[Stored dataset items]
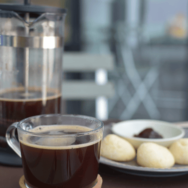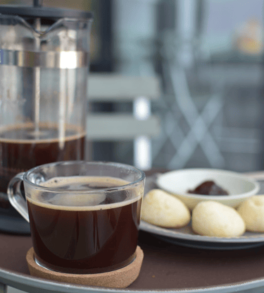 Café 100% brasileño, recién molido y preparado en prensa francesa + Pão de queijo tradicional, servido con mermelada de frutos rojos
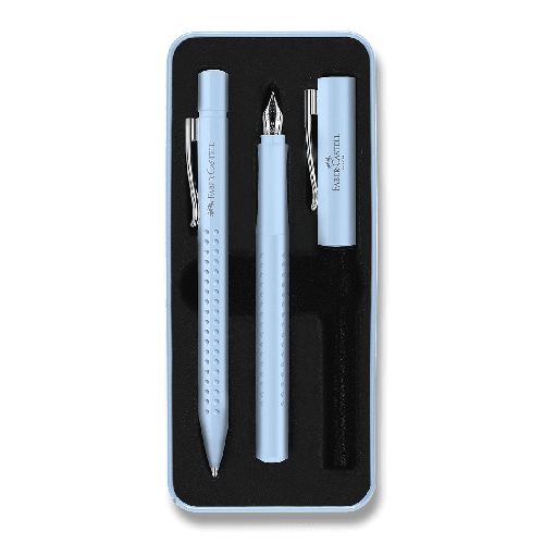 - Plnicí a kuličkové pero v barevně sladěné plechové dárkové krabičce
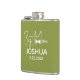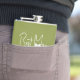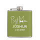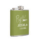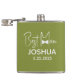 Personalized Wedding flask best man gift that can be personalized with the best man's name as well as date of wedding. The green flask has an elegant, modern script design with a bow tie graphic. A great gift for groom to give his best man.
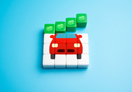 A red toy car placed on a wooden table, with colorful blocks in the background, creating a playful scene
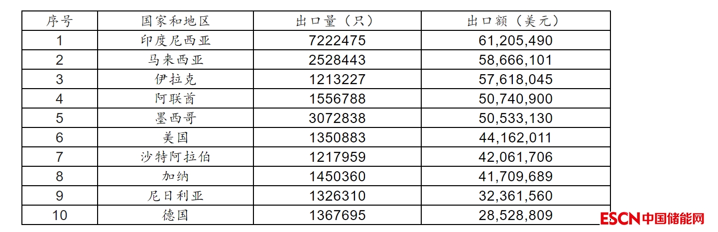 2、2022起動(dòng)用鉛酸蓄電池出口前十大目的地(按出口額排序)
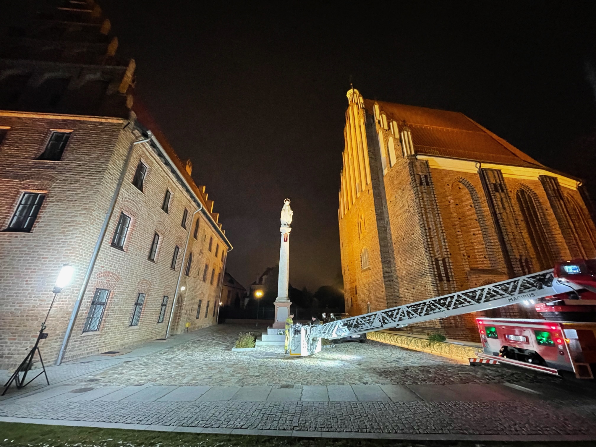 Tradycyjnie już jak co roku, funkcjonariusze systemu zmianowego JRG-1, przy użyciu drabiny złożyli u stóp figury Niepokalanej, kilkanaście metrów nad ziemią - piękny bukiet kwiatów.
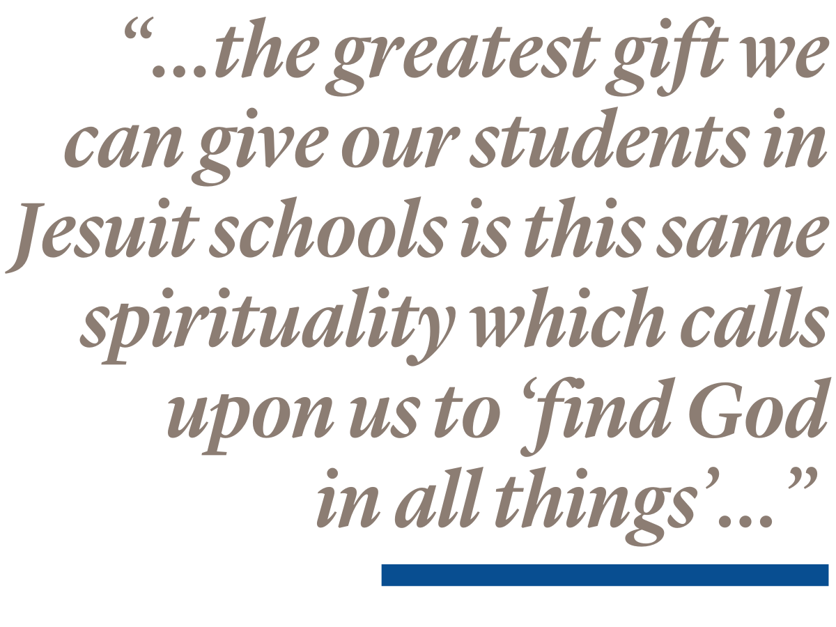 The spirituality that Ignatius revealed is the Jesuits’ great gift to us – their contemporary, lay companions. And the greatest gift we can give our students in Jesuit schools is this same spirituality which calls upon us to ‘find God in all things’ and especially in those in our world who have the greatest claim on our gifts and our talents – the last, the lost and the lonely.
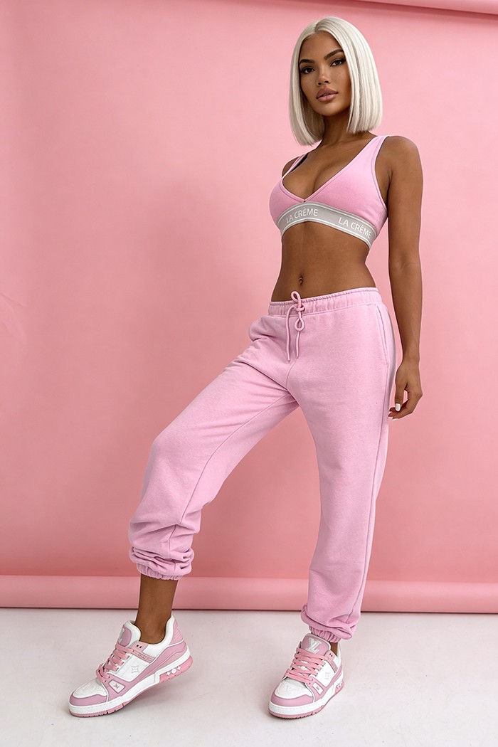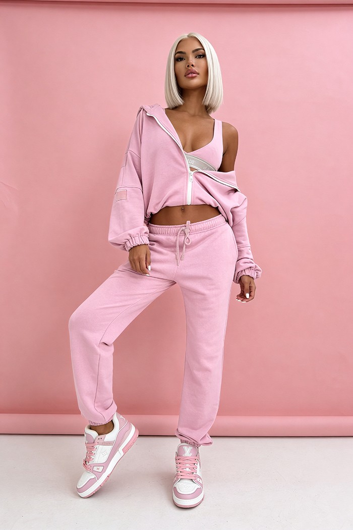 Komplet dresowy3w1 spodnie bluza top puder Sporty
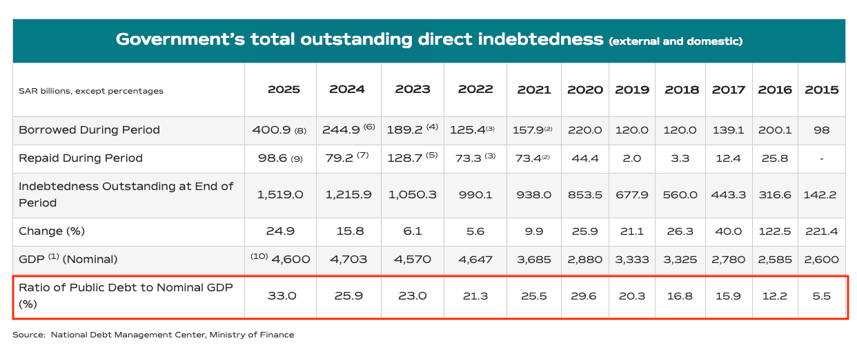 The Kingdom has increasingly started tapping into capital markets to raise debt and use the capital to further its agenda (Vision 2030 etc.)
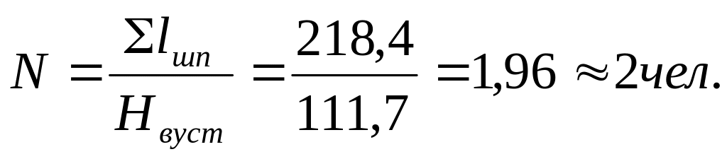 Таким образом, на выемке ниши будет занято 5 горнорабочих очистного забоя: 2 чел - на бурении шпуров и 3 чел - на уборке угля.
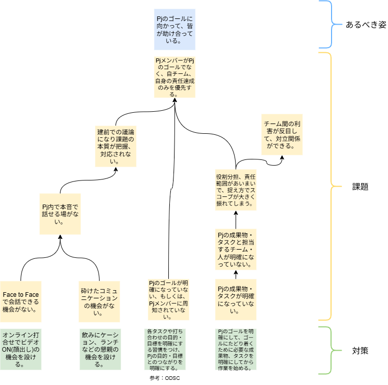 箱と矢印で描いた簡単な図ですが、今、チームビルディングでお悩みをお持ちの方が見たら、きっと、「イヤ、ここの原因は他にある。もっと大きな課題があるはずだ!」など、思い浮かぶのではないでしょうか?
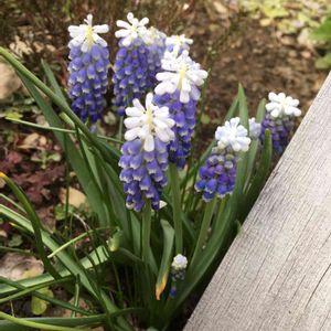 ムスカリ【タッチ・オブ・スノー】 雪の冠を頂いた美しい二色咲き この名で思い出すのは、昔聴いた古い魔法〈ひとひらの雪🔯〉 新しい年、最初の雪の一片を手のひらに受けると願い事がかなうといいます。 今夜は嵐、穏やかな春の安定を願います。
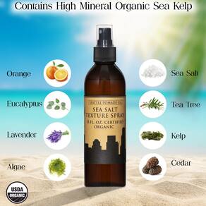 - Este produto é infundido com algas marinhas orgânicas para manter o cabelo saudável e hidratado. A alga marinha é um hidratante e condicionador natural, permitindo que você colha todo o incrível volume e textura fornecidos pelo nosso spray de textura de sal marinho.
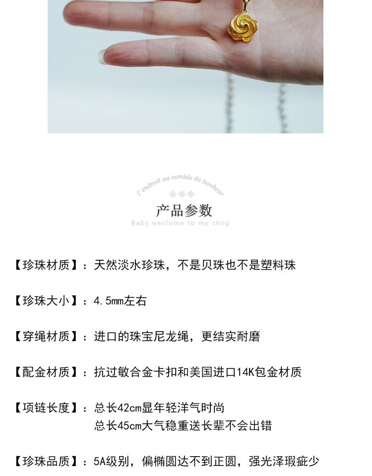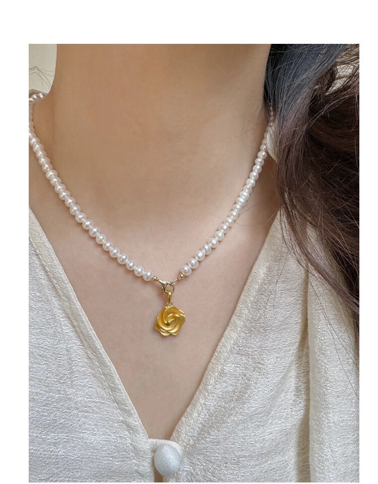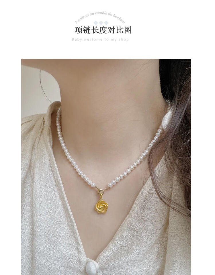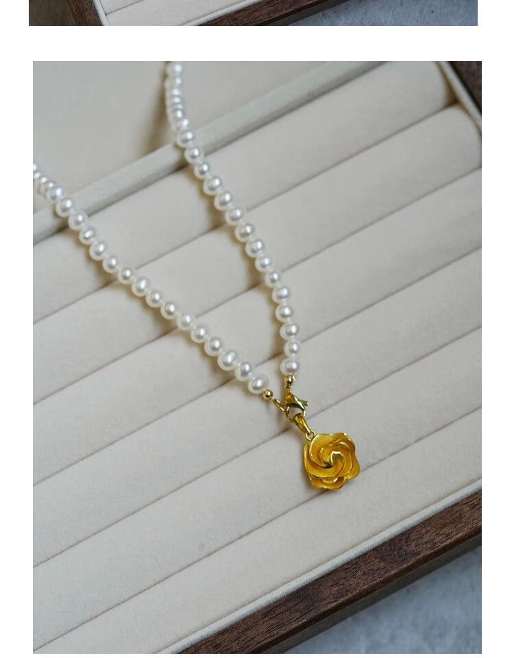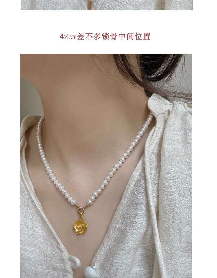 Chihuanzibuyu natural strong light freshwater pearl necklace for women with hanging pendant rose simple and versatile gift for mother 4.5mm total length 42cm medium natural pearl
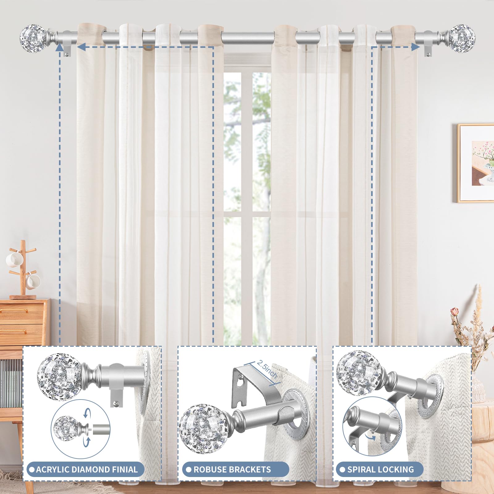 【 TVWOO Easy to Install】Each set of adjustable curtain rod set comes with colorful installation instructions and all the accessories needed (the instructions include a parts diagram and assembly diagram). Easy to install, follow the step-by-step instructions, silver single window rods can be quickly completed installation.
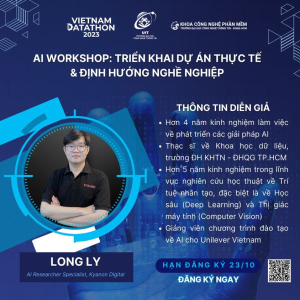 Đăng ký tham gia Workshop trước ngày 23.10.2023: https://link.uit.edu.vn/dUy5v
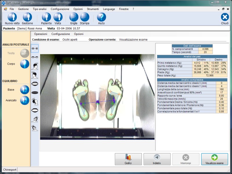 La visualizzazione consiste in una simulazione dell' esame di 20 secondi compreso il movimento del baricentro del paziente durante l' esame.
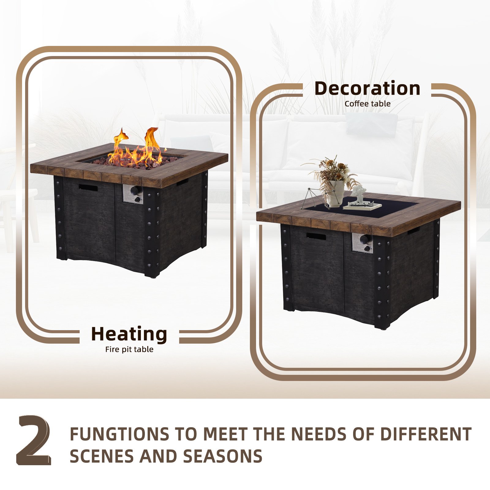 Multi-purpose: When the flame dances on the lava rocks, it is an excellent patio fire pit table to keep you warm and intoxicated; close the fire lid and surround the woodgrain table top, and it is a coffee table, convenient and versatile!
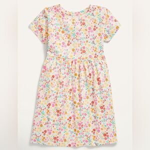 Old Navy Girl’s Cream Floral Short-Sleeve Printed Swing Jersey-Knit Dress 6/7
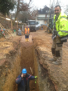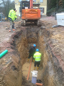 Rechts: Der Hauptstrang der neuen Kanalisation nähert sich dem Haus Esch.
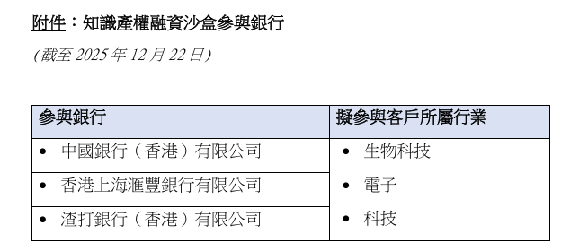 12月22日,香港金融管理局(金管局)联同商务及经济发展局(商经局)及知识产权署推出知识产权融资沙盒。香港三家主要银行已经加入沙盒成为首批参与者,并确认有来自生物科技、电子及科技行业的客户对透过沙盒测试知识产权融资交易感兴趣。
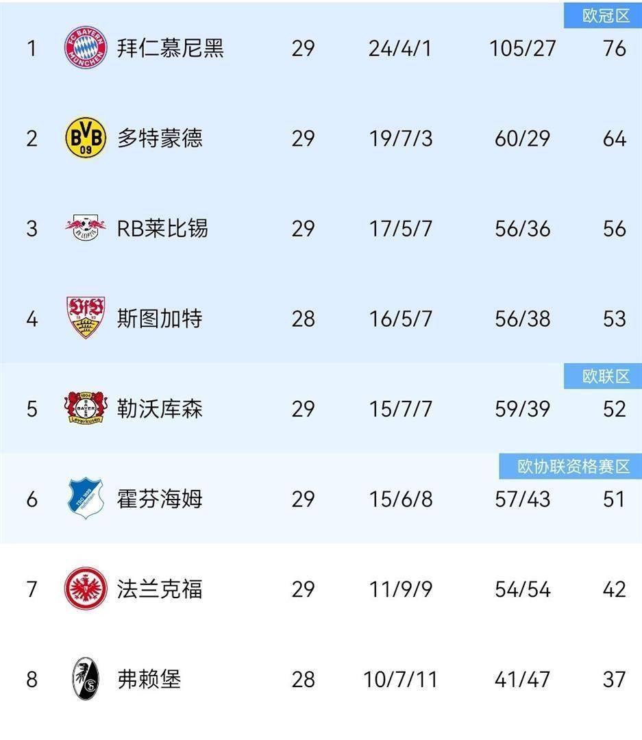 บาเยิร์นขี่ Juechen ที่ด้านบน แต่ทีมด้านล่างกลายเป็นหม้อโจ๊ก การต่อสู้เพื่อชีวิตและความตายที่แท้จริงในแชมเปี้ยนส์ลีก RB Leipzig อันดับที่สาม 56 คะแนน, สตุตการ์ตที่สี่ 53 คะแนน, เลเวอร์คูเซ่นที่ห้า 52 คะแนนและฮอฟเฟ่นไฮม์ที่หก 51 คะแนน จากที่สามถึงหก ความแตกต่างของจุดสูงสุดคือ 5 คะแนนเท่านั้น นี่หมายความว่าอย่างไร? หมายความว่าหลังจากแต่ละรอบของเกมอาจเปลี่ยนโฉมหน้าของแชมเปี้ยนส์ลีก
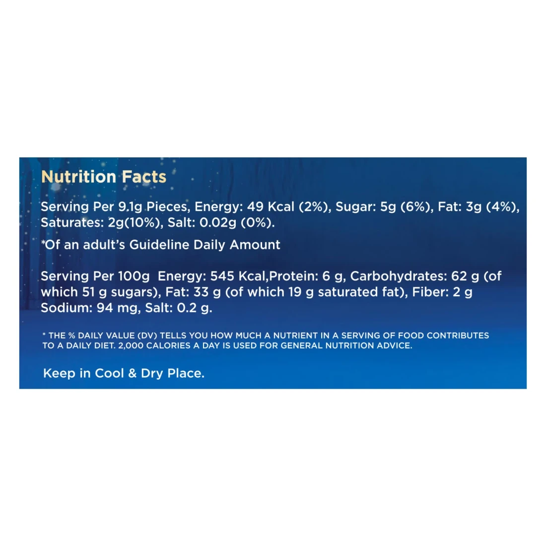 ingredients : Milk Chocolate (Contains Cocoa Solids 25% Minimum, Milk Solids 14% Minimum, and Non-Hydrogenated Vegetable Fat (Palm Fat Less Than 5%), Emulsifier (Soya Lecithin E322), Natural Vanilla Flavouring), Hazelnuts, Glucose Syrup, Non-Hydrogenated Vegetable Fat (Rapeseed & Sunflower Oil), Rice Flour, Almonds, Humectant (Glycerol E422), Salt, Corn Starch, Butterfat, Dextrose, Barely Syrup, Nature Identical Toffee Flavour, Emulsifier From Vegetable Source (Mono & Diglycerides of Fatty Acids E471), Barely Malt Extract
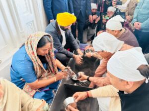 Delhi CM Rekha Gupta Visits Golden Temple | आज समाज नेटवर्क। अमृतसर। दिल्ली की मुख्यमंत्री रेखा गुप्ता अपने कैबिनेट मंत्रियों के साथ गुरु की नगरी अमृतसर पहुंची और हरमंदिर साहिब में शीश निवाया और दरबार साहब में शुकराना अदा किया। मुख्यमंत्री का मानना है कि गुरु कृपा से ही उनकी सरकार ने पिछले माह दिल्ली के ऐतिहासिक लाल किला प्रांगण में गुरु तेग बहादुर जी के 350वें शहीदी दिवस के उपलक्ष्य में तीन दिवसीय ‘गुरमत समागम’ के भव्य व सफल आयोजन किया।
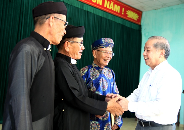 Phó Bí thư Thường trực Tỉnh ủy Phan Ngọc Thọ bắt tay, thăm hỏi các trưởng họ, trưởng tộc làng văn hóa Thai Dương Hạ
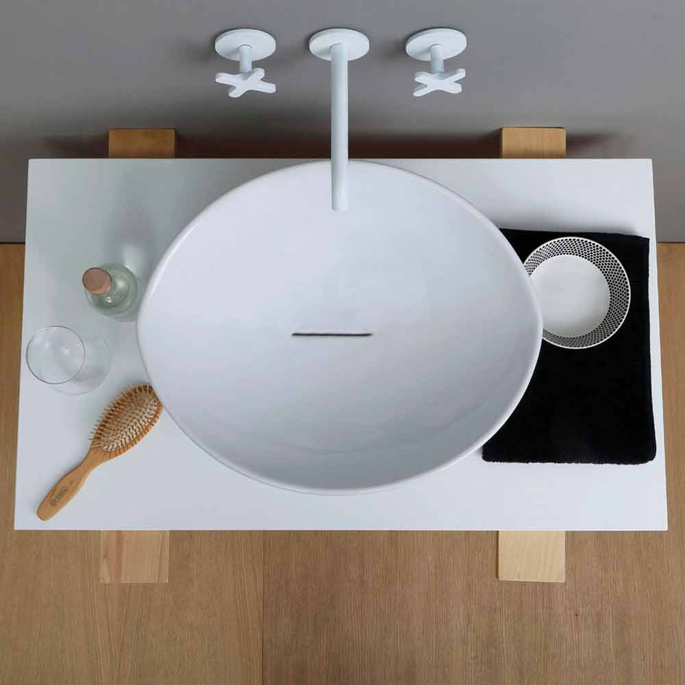 Lavaman banje me dizajn të modës në prodhimin e kafshëve prej qeramike të bëra nga Italia Lavaman ose "legen" me formë të parregullt, që të kujton një seksion bajame, të pajisur me një kullim të vazhdueshëm uji. Ky lavaman mund të personalizohet duke zgjedhur midis përfundimeve dhe dekorimeve të ndryshme: për të kërkuar informacion dhe / ose një kuotë të personalizuar, shkruani në clienti@viadurini.it.

◆ **Description of the task**
Word for word, write out the lines above running from the one with "Đăng ký tham" up to and including the one with "12月22日,香港金融管理局". Drop any picture.

◆ **Answer to this problem**
 Đăng ký tham gia Workshop trước ngày 23.10.2023: https://link.uit.edu.vn/dUy5v
 La visualizzazione consiste in una simulazione dell' esame di 20 secondi compreso il movimento del baricentro del paziente durante l' esame.
 Multi-purpose: When the flame dances on the lava rocks, it is an excellent patio fire pit table to keep you warm and intoxicated; close the fire lid and surround the woodgrain table top, and it is a coffee table, convenient and versatile!
 Old Navy Girl’s Cream Floral Short-Sleeve Printed Swing Jersey-Knit Dress 6/7
 Rechts: Der Hauptstrang der neuen Kanalisation nähert sich dem Haus Esch.
 12月22日,香港金融管理局(金管局)联同商务及经济发展局(商经局)及知识产权署推出知识产权融资沙盒。香港三家主要银行已经加入沙盒成为首批参与者,并确认有来自生物科技、电子及科技行业的客户对透过沙盒测试知识产权融资交易感兴趣。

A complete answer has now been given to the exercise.